▶ _EXCERPTED RECORDS_
▽

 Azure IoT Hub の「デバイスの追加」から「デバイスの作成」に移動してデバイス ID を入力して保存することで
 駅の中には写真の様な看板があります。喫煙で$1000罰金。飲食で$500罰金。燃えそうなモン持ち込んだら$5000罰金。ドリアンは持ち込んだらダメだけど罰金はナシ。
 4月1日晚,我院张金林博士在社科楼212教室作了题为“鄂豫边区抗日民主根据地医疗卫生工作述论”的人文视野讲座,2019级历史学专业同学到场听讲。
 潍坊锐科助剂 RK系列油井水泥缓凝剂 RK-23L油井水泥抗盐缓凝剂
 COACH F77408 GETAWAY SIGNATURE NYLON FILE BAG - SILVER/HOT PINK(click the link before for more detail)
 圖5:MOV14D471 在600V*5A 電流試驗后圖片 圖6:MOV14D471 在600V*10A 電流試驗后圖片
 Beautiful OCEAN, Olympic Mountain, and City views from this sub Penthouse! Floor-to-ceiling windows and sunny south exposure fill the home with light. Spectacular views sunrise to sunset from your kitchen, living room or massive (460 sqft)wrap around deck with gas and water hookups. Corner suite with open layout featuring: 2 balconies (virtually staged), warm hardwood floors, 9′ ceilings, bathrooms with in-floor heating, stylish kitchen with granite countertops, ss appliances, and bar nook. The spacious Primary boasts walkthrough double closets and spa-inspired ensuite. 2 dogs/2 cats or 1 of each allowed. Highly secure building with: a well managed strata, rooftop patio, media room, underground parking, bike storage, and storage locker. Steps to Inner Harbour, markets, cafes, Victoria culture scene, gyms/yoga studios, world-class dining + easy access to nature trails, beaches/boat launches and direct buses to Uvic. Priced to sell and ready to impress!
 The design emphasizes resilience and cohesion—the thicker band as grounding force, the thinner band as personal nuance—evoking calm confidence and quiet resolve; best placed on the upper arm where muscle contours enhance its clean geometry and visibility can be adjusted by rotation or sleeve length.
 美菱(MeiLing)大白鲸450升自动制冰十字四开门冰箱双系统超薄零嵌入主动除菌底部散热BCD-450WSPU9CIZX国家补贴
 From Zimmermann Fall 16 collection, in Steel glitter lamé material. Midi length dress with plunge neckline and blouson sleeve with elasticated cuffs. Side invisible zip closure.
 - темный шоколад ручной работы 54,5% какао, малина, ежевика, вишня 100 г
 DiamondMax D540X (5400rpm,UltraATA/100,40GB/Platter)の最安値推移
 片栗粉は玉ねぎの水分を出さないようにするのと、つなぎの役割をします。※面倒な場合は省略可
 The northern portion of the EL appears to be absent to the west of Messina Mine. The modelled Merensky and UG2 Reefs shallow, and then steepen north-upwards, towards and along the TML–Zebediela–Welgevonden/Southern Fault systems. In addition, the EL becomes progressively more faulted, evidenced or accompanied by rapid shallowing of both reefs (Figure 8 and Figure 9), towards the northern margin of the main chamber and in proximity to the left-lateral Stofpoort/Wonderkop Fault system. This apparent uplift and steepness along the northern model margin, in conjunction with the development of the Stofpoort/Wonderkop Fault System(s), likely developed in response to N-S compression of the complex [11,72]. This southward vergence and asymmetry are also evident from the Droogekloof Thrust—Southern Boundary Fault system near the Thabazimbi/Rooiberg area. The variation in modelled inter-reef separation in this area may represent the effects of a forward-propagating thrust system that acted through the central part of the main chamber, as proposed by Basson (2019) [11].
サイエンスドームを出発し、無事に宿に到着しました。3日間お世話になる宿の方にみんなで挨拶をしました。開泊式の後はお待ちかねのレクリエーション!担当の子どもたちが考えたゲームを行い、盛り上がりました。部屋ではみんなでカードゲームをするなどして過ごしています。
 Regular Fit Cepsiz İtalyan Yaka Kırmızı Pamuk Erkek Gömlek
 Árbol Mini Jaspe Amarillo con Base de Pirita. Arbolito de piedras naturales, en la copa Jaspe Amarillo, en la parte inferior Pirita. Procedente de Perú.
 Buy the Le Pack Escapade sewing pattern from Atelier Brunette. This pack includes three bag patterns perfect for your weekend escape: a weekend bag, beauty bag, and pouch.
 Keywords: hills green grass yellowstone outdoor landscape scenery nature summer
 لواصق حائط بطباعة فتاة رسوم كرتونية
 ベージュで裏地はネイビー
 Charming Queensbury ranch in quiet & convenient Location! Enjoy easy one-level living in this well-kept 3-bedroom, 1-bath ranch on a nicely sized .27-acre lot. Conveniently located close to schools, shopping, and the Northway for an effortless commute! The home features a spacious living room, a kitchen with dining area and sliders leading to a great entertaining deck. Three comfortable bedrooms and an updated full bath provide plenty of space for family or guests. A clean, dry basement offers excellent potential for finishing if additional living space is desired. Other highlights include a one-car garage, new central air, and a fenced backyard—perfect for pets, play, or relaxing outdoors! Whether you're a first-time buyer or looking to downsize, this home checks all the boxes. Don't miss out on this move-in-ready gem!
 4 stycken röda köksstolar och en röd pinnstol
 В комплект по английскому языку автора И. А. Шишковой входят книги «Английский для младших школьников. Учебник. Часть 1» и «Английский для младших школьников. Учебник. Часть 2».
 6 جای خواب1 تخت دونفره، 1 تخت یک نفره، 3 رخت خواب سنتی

△

▶ _REQUIRED WORK_
Starting with the first line of the entries, transcribe every line up to and including the one with "圖5:MOV14D471 在600V*5A 電流試驗后圖片".

▶ _RESPONSE AREA_
 Azure IoT Hub の「デバイスの追加」から「デバイスの作成」に移動してデバイス ID を入力して保存することで
 駅の中には写真の様な看板があります。喫煙で$1000罰金。飲食で$500罰金。燃えそうなモン持ち込んだら$5000罰金。ドリアンは持ち込んだらダメだけど罰金はナシ。
 4月1日晚,我院张金林博士在社科楼212教室作了题为“鄂豫边区抗日民主根据地医疗卫生工作述论”的人文视野讲座,2019级历史学专业同学到场听讲。
 潍坊锐科助剂 RK系列油井水泥缓凝剂 RK-23L油井水泥抗盐缓凝剂
 COACH F77408 GETAWAY SIGNATURE NYLON FILE BAG - SILVER/HOT PINK(click the link before for more detail)
 圖5:MOV14D471 在600V*5A 電流試驗后圖片 圖6:MOV14D471 在600V*10A 電流試驗后圖片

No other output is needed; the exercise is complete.